DamonHD 899 days ago
Managing Gigabytes
https://books.google.co.uk/books/about/Managing_Gigabytes.ht...
Old but good!
[-]
- CoolestBeans 898 days ago
  Came here to recommend Managing Gigabytes as well. People these days are managing far more than gigabytes but the fundamental ideas remain useful.
- dekhn 898 days ago
  Check out the first review on the Amazon page. Norvig read it around the time he started at Google.
francoisprunier 898 days ago
Not a book, but this paper from 2019 covers a lot of ground and reviews the different topics extensively: https://tonellotto.github.io/publication/fntir/fntir_main.pd...
pixelmonkey 898 days ago
Take a look at my post “Lucene: The Good Parts”—
https://blog.parse.ly/lucene/
The book mentioned there is Lucene in Action.

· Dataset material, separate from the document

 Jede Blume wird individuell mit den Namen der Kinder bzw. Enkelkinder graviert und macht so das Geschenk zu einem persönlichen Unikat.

And then this YouTube presentation by a Lucene/Elasticsearch committer will give you a nice overview of some related algorithms—
https://youtu.be/eQ-rXP-D80U
brudgers 898 days ago
Not a book but Hellerstein’s CS186 from 2015 starting with Lecture 17 gave me a basic understanding (I think).

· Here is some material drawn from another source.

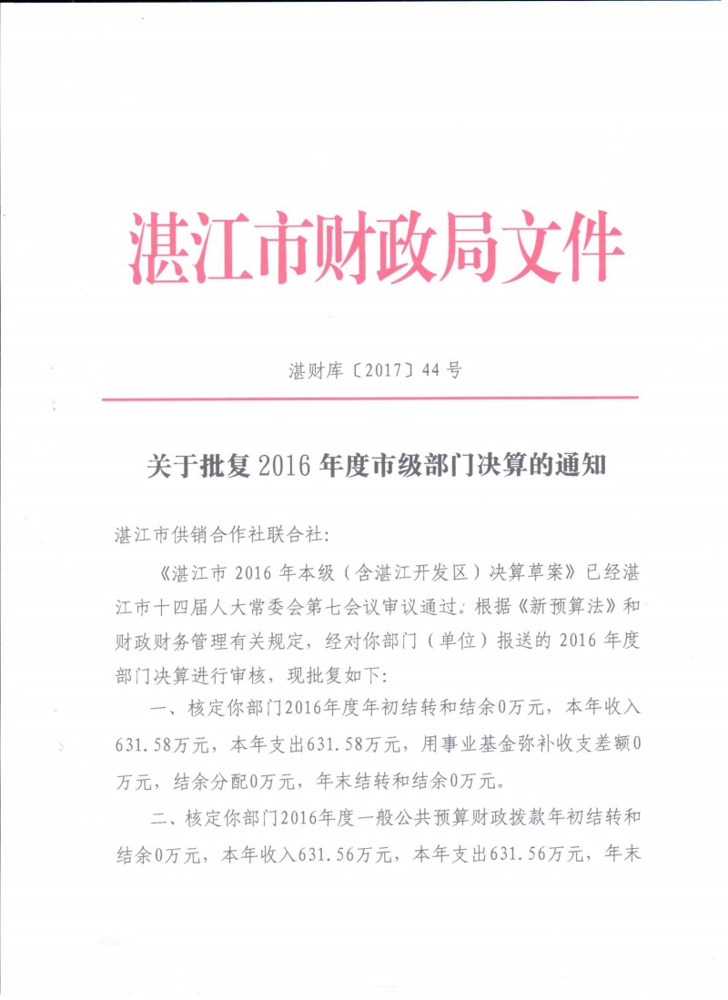 2016年湛江市供銷合作社聯(lián)合社部門決算基本情況說明

Playlist https://youtube.com/playlist?list=PLhMnuBfGeCDPtyC9kUf_hG_Qw...
Also from that lecture series, the low level is always IO. One disk read tends to dwarf n^2 in-memory algorithms.
And IO is all about tuning caches and hardware for the specific structural relationships in the data, the way in which it is accessed, and the hardware everything runs on.
Good luck.
MonkoftheFunk 898 days ago
Hotz... Is that you... Trying to learn to improve Twitter search? ;)
fiedzia 899 days ago
https://www.manning.com/books/relevant-search
Also "taming text"
[-]
- arooaroo 898 days ago
  Manning also have a book on Lucene, the library that powers Solr and ElasticSearch. IIRC the book covered how Lucene actually works under-the-good and would therefore act as a good reference on the subject in general.

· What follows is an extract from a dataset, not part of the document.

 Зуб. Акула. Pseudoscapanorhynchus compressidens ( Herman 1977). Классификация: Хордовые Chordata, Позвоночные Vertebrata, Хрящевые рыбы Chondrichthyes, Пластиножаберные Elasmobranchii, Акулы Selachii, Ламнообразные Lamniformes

- gardenfelder 898 days ago
  Taming Text is about building a question-answering system; it came out about the time Watson came online; it's not a plan, rather a cookbook of experiments using Apache products like Solr and OpenNLP, but is a great tutorial on how question answering works.
vdfs 898 days ago
Lucene in Action, good introduction to Lucene, which can be helpful to learn ElasticSearch (most used FTS these days)
[-]
- _tom_ 898 days ago
  Lucene in Action covers Lucene 3.0, and is from 2010. Current version is 9.4.2. So much has changed.
tgv 898 days ago
Check the literature of open courses on Text Retrieval. E.g. https://stanford.edu/class/cs276/
Beefin 898 days ago
series of tutorials and comparisons that aim to teach a foundations about vector search:
https://vectorsearch.dev/
cb321 898 days ago
It's all in the Nim programming language, but if you prefer reading code or running diffs then you might get a vague sense of (some) low level nuts & bolts from: https://github.com/c-blake/nimsearch
User23 898 days ago
Is there some better alternative to Knuth-Morris-Pratt or Boyer-Moore? Both can easily be adapted to regular expression matching and as far as I know there’s no faster algorithm that doesn’t do preprocessing.
Beefin 898 days ago
Stanford's NLP course:
https://www.youtube.com/playlist?list=PLoROMvodv4rOSH4v6133s...
leeseonwook 898 days ago
123
[-]
- leeseonwook 898 days ago
  456
unixhero 898 days ago
Just use Postgres fulltext Search, its good enough http://rachbelaid.com/postgres-full-text-search-is-good-enou...
[-]
- johnthescott 898 days ago
  for postgres, i highly recommend the rum index over the core fts. rum is written by postgrespro, who also wrote core fts and json indexing in pg.
```
    https://github.com/postgrespro/rum
```
  rum handles +20mil pdf pages, interactively.
  [-]
  - SPBS 898 days ago
    Pleasantly surprised that RUM is just a drop-in replacement for the built-in GIN index, you can still use Postgres' native FTS operations with it.
  - unixhero 898 days ago
    Sounds very interesting. Never heard of rum, thank you for suggesting it.